Introduction In the UK, primary care is seen as the optimal context for delivering care to an ageing population with a growing number of long-term conditions. However, if it is to meet these demands effectively and efficiently, a more precise understanding of existing care processes is required to ensure their configuration is based on robust evidence. This need to understand and optimise organisational performance is not unique to healthcare, and in industries such as telecommunications or finance, a methodology known as ‘process mining’ has become an established and successful method to identify how an organisation can best deploy resources to meet the needs of its clients and customers. Here and for the first time in the UK, we will apply it to primary care settings to gain a greater understanding of how patients with two of the most common chronic conditions are managed. Methods and analysis The study will be conducted in three phases; first, we will apply process mining algorithms to the data held on the clinical management system of four practices of varying characteristics in the West Midlands to determine how each interacts with patients with hypertension or type 2 diabetes. Second, we will use traditional process mapping exercises at each practice to manually produce maps of care processes for the selected condition. Third, with the aid of staff and patients at each practice, we will compare and contrast the process models produced by process mining with the process maps produced via manual techniques, review differences and similarities between them and the relative importance of each. The first pilot study will be on hypertension and the second for patients diagnosed with type 2 diabetes.

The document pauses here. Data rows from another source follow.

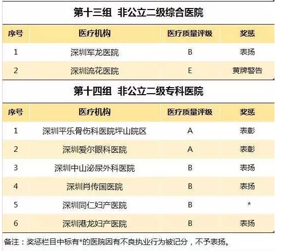 本年度被评为E级医疗质量的深圳华丹医院、深圳流花医院、深圳远大肛肠医院等3家医院及2015年、2016年连续两年评为D级的深圳六联医院被黄牌警告。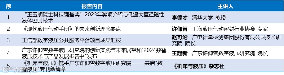 “王玉明院士科技强基奖”暨“2024数智液压技术与产品发展报告书”分论坛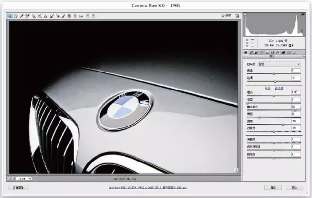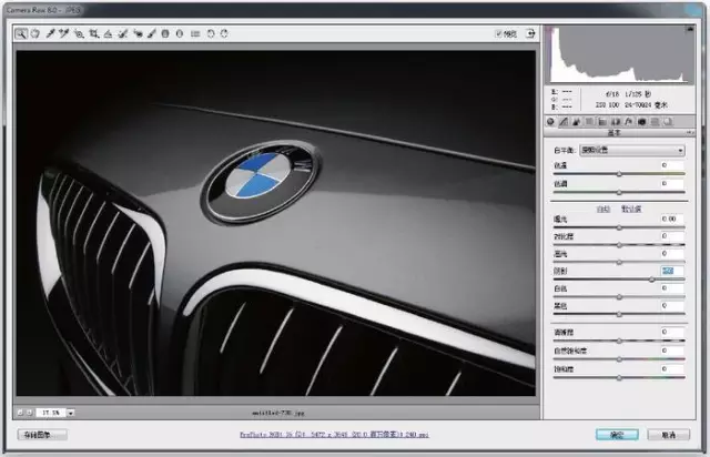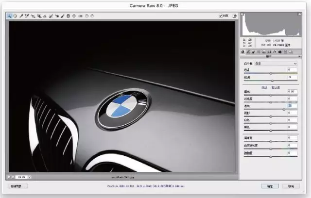 现在,双击原始智能对象的图层缩略图,它会在Camera Raw 中打开(如图3所示)。当打开时,你会看到其与Lightroom 开发模块相同的滑块、相同的顺序。事实上的唯一的区别在于,在Lightroom 中,背景色为暗灰色;在Camera Raw中,为浅灰色。现在,整个图像是在阴影区域的黑暗中,所以通过向右拖动阴影滑杆到+50,让图更亮一些。单击确定按钮以保存更改。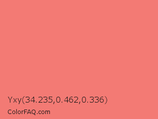 Yxy 34.235,0.462,0.336 Color is a light red color and the nearest color is Salmon #fa8072. Hex code #f37a74 and RGB value is rgb(243,122,116). In RGB color space, this color is composed of 95% red, 48% green, 45% blue, In CMYK color space, this color is composed of 0% cyan, 50% magenta, 52% yellow , 5% black , In HSL color space, this color has a hue angle of 3° , 84% saturation and 70% lightness.
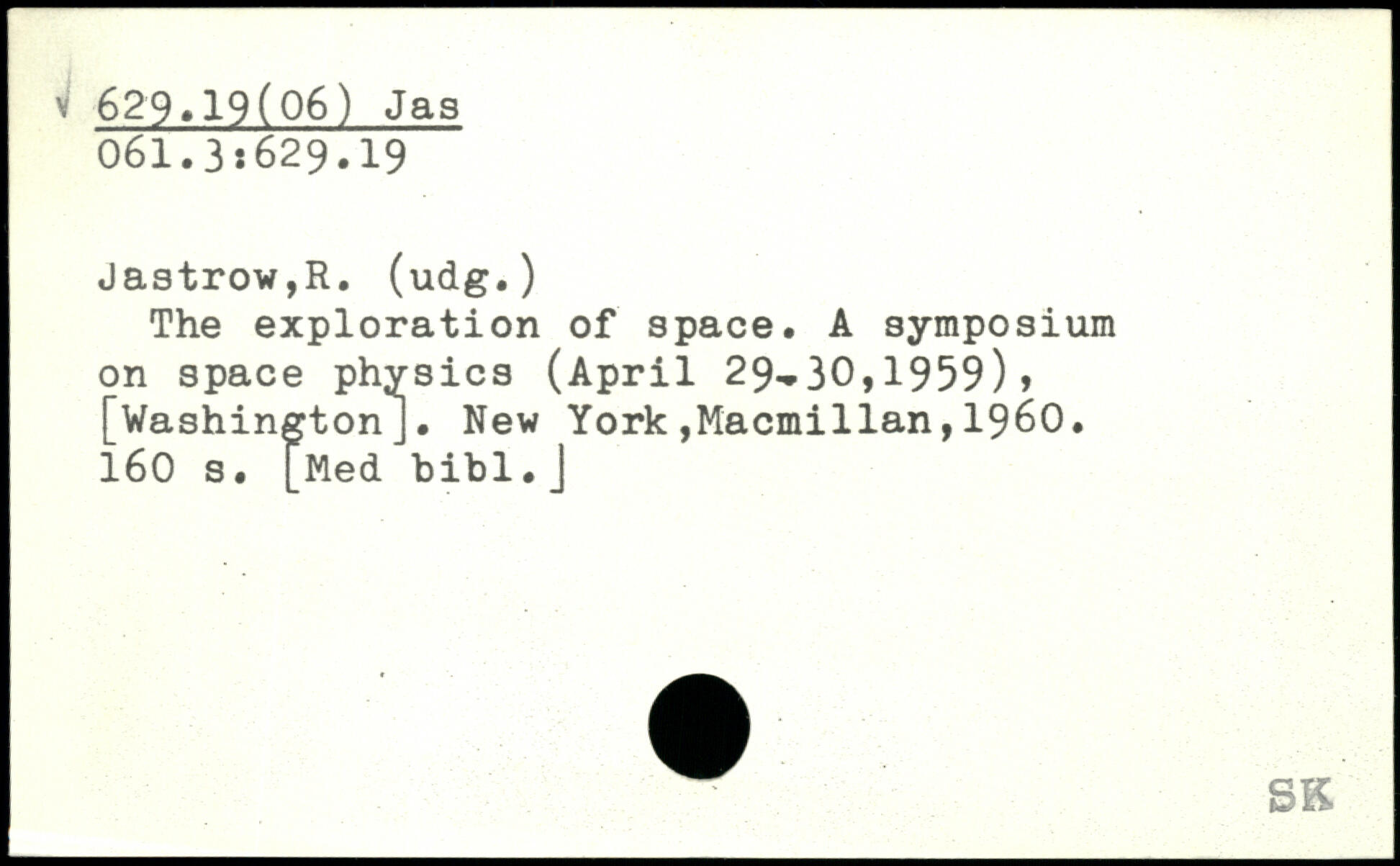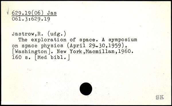 The exploration of space. A symposium on space physics (April 29-30,1959), [WashingtonJ.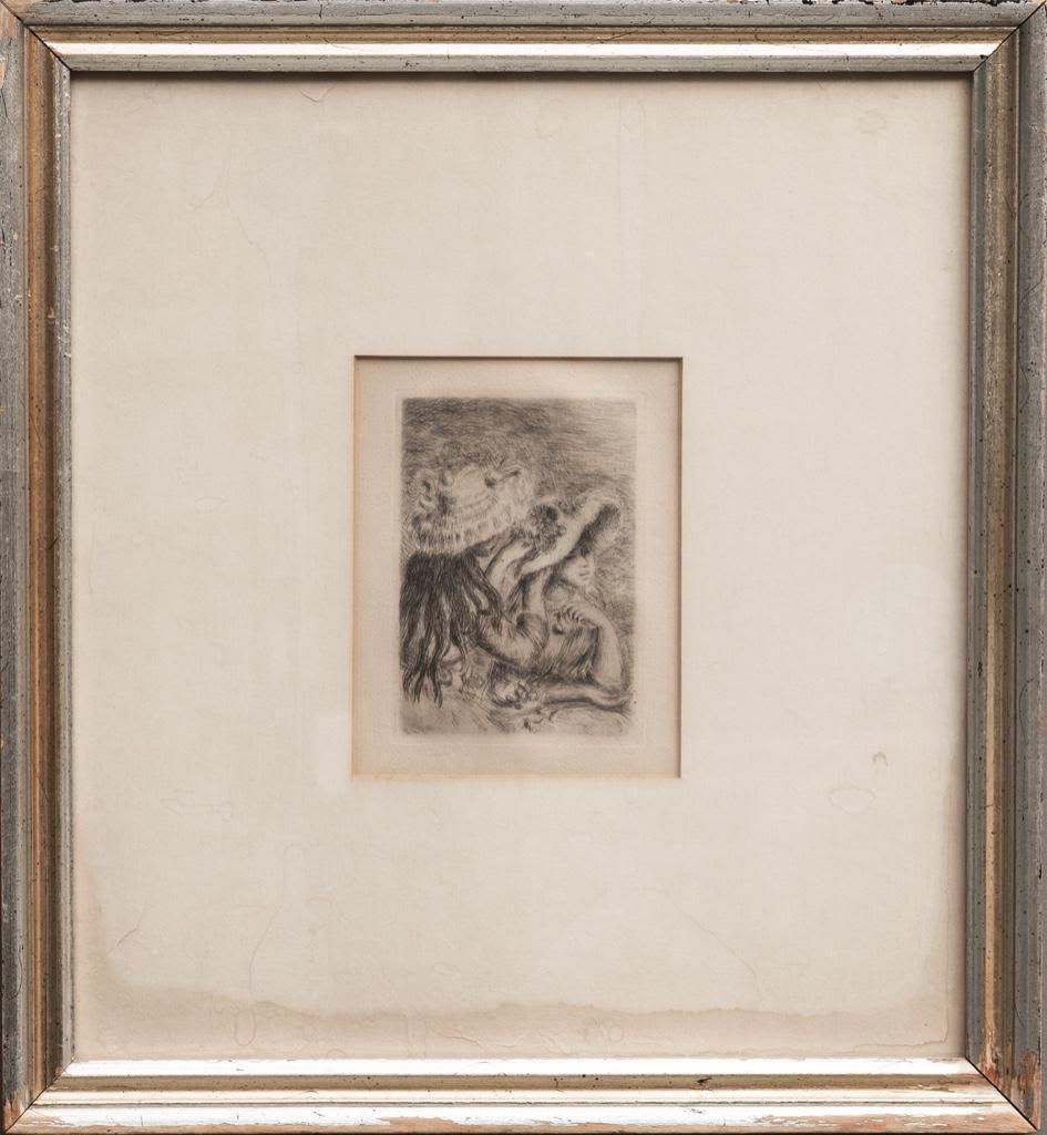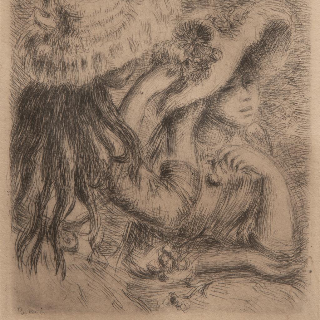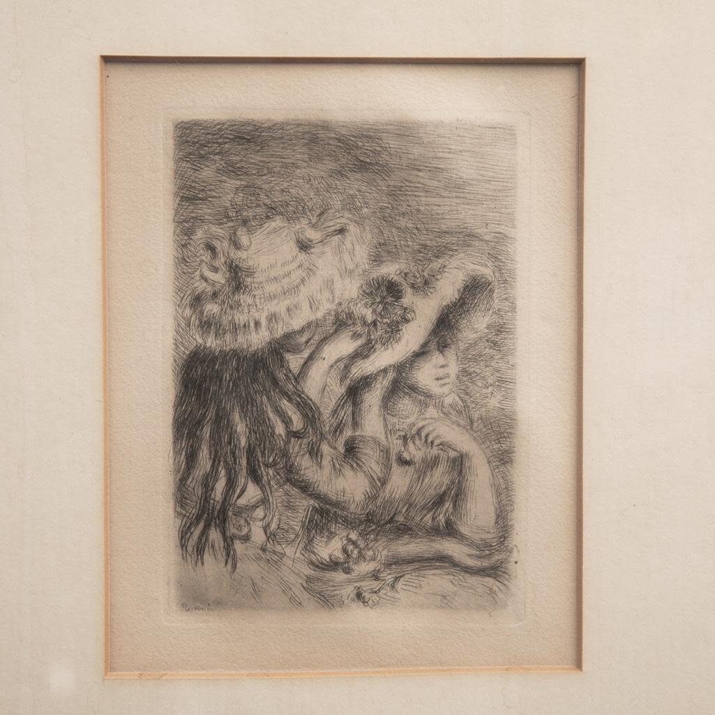 Antique Pierre Auguste Renoir Etching of Women with Hats. Measures 5.5"H x 4.25"W. An innovative artist, Pierre-Auguste Renoir started out as an apprentice to a porcelain painter and studied drawing in his free time. After years as a struggling painter, Renoir helped launch an artistic movement called Impressionism in 1870s. He eventually became one of the most highly regarded artists of his time.

Publication DOI: https://doi.org/10.1136/bmjopen-2017-019947
Divisions: College of Engineering & Physical Sciences
Additional Information: © Author(s) (or their employer(s)) 2018. Re-use permitted under CC BY-NC. No commercial re-use. See rights and permissions. Published by BMJ. This is an open access article distributed in accordance with the Creative Commons Attribution Non Commercial (CC BY-NC 4.0) license, which permits others to distribute, remix, adapt, build upon this work non-commercially, and license their derivative works on different terms, provided the original work is properly cited, appropriate credit is given, any changes made indicated, and the use is non-commercial. See: http://creativecommons.org/licenses/by-nc/4.0/.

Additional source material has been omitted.